In 15:29-31 we have a record of healing for the glorification of God. Due to the rejection of the Jewish religion, the Lord remained in Galilee of the nations as the healing light. He would not go to Jerusalem, the religious center of the Jews, for them to be healed (13:15). According to the doctrinal arrangement of the record of chapter fifteen, healing comes after eating. In other words, the proper healing comes from inward eating. Dieticians say that if one eats properly, he will not have illness. Illness comes from improper eating, but healing comes from adequate, proper eating. This is the doctrinal point regarding healing in this portion of the Word.
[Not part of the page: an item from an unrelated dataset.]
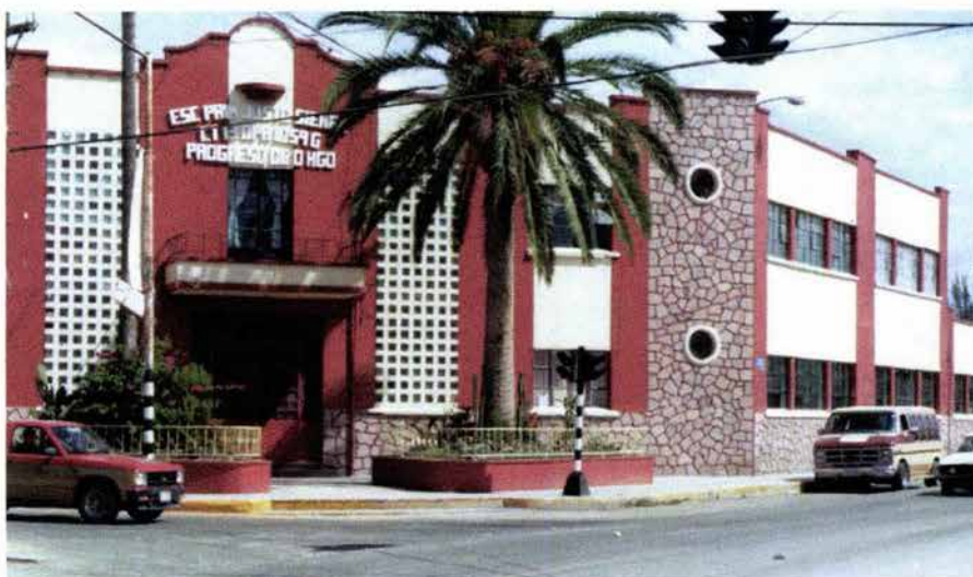
Fig. 19. Escuela Primaria "Justo Sierra", la primera y la más grande del estado de Hidalgo.

Progreso tiene una situación geográfica envidiable lo cual ha traído como consecuencia la apertura de escuelas particulares y de gobierno. El nivel educativo abarca: preescolar, primaria, secundaria, 2 telesecundarias, una secundaria técnica, una Normal Superior (de la cual es propietaria gente de México) y la Normal Superior del Valle del Mezquital.

In 15:32-39 we have the miracle of the feeding of the four thousand. Because the Lord had compassion on the multitude in the wilderness, He would not send them away fasting (v. 32). Christ will not allow His followers to hunger and faint in the way while following Him.
When the disciples learned that the Lord intended to provide food for the people, they said to Him, “Where in a desert are there so many loaves for us as to satisfy so great a crowd?” (v. 33). Even in the barren desert the Lord was able to feed His followers and satisfy them, no matter how many there were. The disciples experienced this before, in 14:15-21; however, it seems that they had not learned the lesson of faith. They set their eyes on the environment instead of on the Lord. Yet the Lord’s presence was better than a rich store.
The Lord asked the disciples, “How many loaves do you have?” This indicates that the Lord always wants to use what we have to bless others. Verse 36 says, “He took the seven loaves and the fishes, and giving thanks, He broke them and gave them to the disciples, and the disciples to the crowds.” If we offer all we have to the Lord, He will take it, break it, and give it back to us for distribution to others, to whom it will become the satisfying and overflowing blessing (v. 37). Whatever we offer to the Lord, however little it is, will be multiplied by His blessing hand to meet the need of a great multitude (v. 38).
In 15:32-39 we see the corporate eating. When I was young, I was bothered by the fact that Matthew gives us two accounts that are almost the same (14:14-21; 15:32-39). However, if you read these two sections carefully, you will see that the purpose of each is different. The purpose of the section about the feeding of the five thousand is to show us that as we are following our rejected King on the pathway to glory, He is able to take care of us. But the purpose of the record of the feeding of the four thousand is to show that we should not simply eat Jesus as crumbs individually as dirty dogs. We also need to eat Him in a corporate way together with many others. Let us all eat Him together. In this corporate eating we do not eat the crumbs, but the whole bread, and a surplus remains. Today in the church life we are no longer dirty dogs eating. Rather, we are proper men eating Him in a corporate way. Every church meeting is a time of corporate eating. When we first came into the church life, we came as dirty dogs, and we ate under the table. But now we are no longer under the table; we are sitting at the table. Although we are in the desert, we are nevertheless at the table. This is the corporate eating, an eating that is complete. The full bread is on the table of the saved ones.